Assigned task: Keeping pictures out, repeat the lines of the listing below exactly, starting at its first line and finishing with the one that holds "Justo en el".

Segment Start: Dataset content

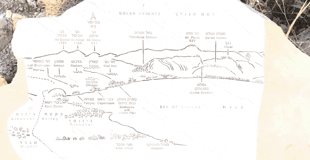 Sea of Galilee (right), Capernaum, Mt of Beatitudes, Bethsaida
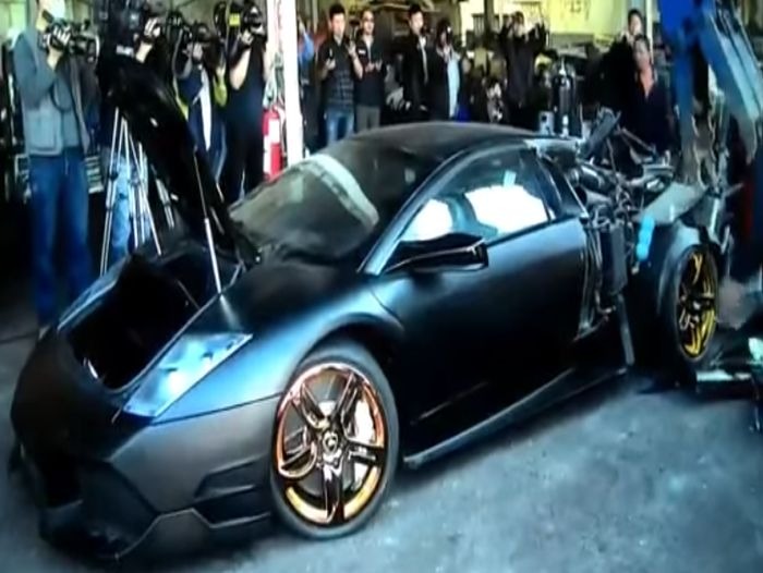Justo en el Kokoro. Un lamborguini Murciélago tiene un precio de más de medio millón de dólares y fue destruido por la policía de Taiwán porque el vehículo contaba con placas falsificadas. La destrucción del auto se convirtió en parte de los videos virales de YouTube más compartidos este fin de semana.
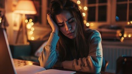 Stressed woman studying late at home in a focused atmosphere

Segment End: Dataset content

Task answer:
 Sea of Galilee (right), Capernaum, Mt of Beatitudes, Bethsaida
Justo en el Kokoro. Un lamborguini Murciélago tiene un precio de más de medio millón de dólares y fue destruido por la policía de Taiwán porque el vehículo contaba con placas falsificadas. La destrucción del auto se convirtió en parte de los videos virales de YouTube más compartidos este fin de semana.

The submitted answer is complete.